We are both using the same language but we are definitely not talking about the same thing.

I am taking about a normal playable game, not an mini anything.  I am advocating a Hero product that avoids the chronic insanely hyper-detailed completely unplayable messes that are the past. 

 

If a experienced RPG player cannot read and generate a complete PC in one day of receiving the book, it is a dead on arrival game.  

If a experienced RPG GM cannot read and run a basic included adventure in one day of receiving the book, it is a dead on arrival game.

 

If you include 5 types with 10 options then the players will read all 15 items before making the character because they want to make the best choices.

If you include 10 types with 30 options they will take as much time as possible to understand them all.

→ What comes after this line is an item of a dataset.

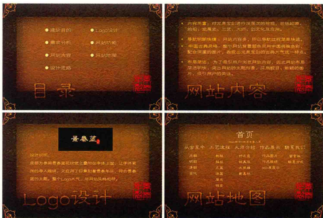
图1-1 景泰蓝网站创意草案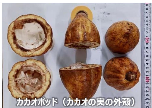
カカオポッド（カカオの実の外殻）

The more you add, the less of a chance people will actually play it.

 

And I am not talking just Hero here, a game does not to try an pack in everything in the first book.  If it catches on it can expand. 

 

And stop with all the cultures, no one actually uses any of them.  All they are is a selector for a free skill or something, but no one actually role plays any of them.  Even D&D's backgrounds are pretty much ignored after the player scarfs the freebee.  An RPG is a game for people to play out adventures, not  a method for game designers to try and build in depth realistic economies and social structures.  There are many of them out there and yet they are not the games that are actually being played. 

 

A good RPG book has information that will actually be used, not tons of information that only serves to confuse and obfuscate the game.  Extra information is what follow on books are for. 

 

Now it is true that I believe that Hero needs short intro books that use pre-generated material to teach how to play a game powered by Hero.  But full powered by Hero games will need to take in consideration the same need cut back on excessive volume that all RPG's need.  The point is to give players the ability to play, not try to impress people with page count of minutia. 

 

All just an opinion of course, but the more time goes on the more it seems to be borne out.

 

My starting point was riffing from the Narosia example.  The various tiers could certainly be trimmed, and there is no magic to any of the numbers, just enough choices to engage the players.  I'd put in "cultures" only as options to "races", and because I want a Dwarf, Elf or Human to have the same point costs so we don't have "humans end up with 50 points of free-form spending" which leads to analysis paralysis.  But let's not kid ourselves - the race gets left in the dust just as fast as a culture or background, and we have a human with pointy ears that spent some Life Support points on an extended lifespan because he wanted all the other benefits Elf contained.  Actually, we should also bundle the Complications into these package.  Hero has a built-in ability to enforce some role playing with that Culture selection.  Plus, I don't want "now pick 75 points of build-your-own complications".

 

But my starting point is the full game - without any intention to release three sourcebooks of new races/cultures, classes/vocations and backgrounds in the first year or two.  The focus there should be expanding the adventure, with whatever setting expansions, monsters, etc. are needed to support it (even a Rules Expansion if we need it), and growing the races, vocations and backgrounds with new, more powerful abilties as the heroes gain experience.  We can also add new lower-power abilities that could be used by starting characters, assuming they can use experience to buy more of these rather than big powers (maybe our Priest selects one Major Miracle, two Moderate Miracles or thee Minor Miracles - and yes, those need better names - or maybe he just gets to invest in more Miracles, some of which are more powerful, and more expensive, than others).

 

The starting point for the first book would be "how long is the book?"  Then "how many pages for each section?".  The number of choices will have to fit the allotted page count.  That includes leaving out mechanics wholesale to fit.  To me, a major key to a playable Hero game is "here is a manageable amount of choices", not "and then spend the 75 points left over on whatever you want".

 

D&D does this with "you get this much in Characteristics"; now pick a race - it has these abilities (and perhaps some alternates to select between); now pick a class - it has these abilities (it may have some internal choices like spells or bardic talents; it probably enhances some stats, like Warriors getting extra BOD); now pick your skills - you get this many (really, this is part of Class in D&D) and select a Feat.  I focus on the 3e model as that is where I am most familiar.

 

Rules and mechanics, of course.  Gear choices.

 

Enough setting and monsters to run the included adventure(s) and enough adventure to whet their appetite to buy an adventure book.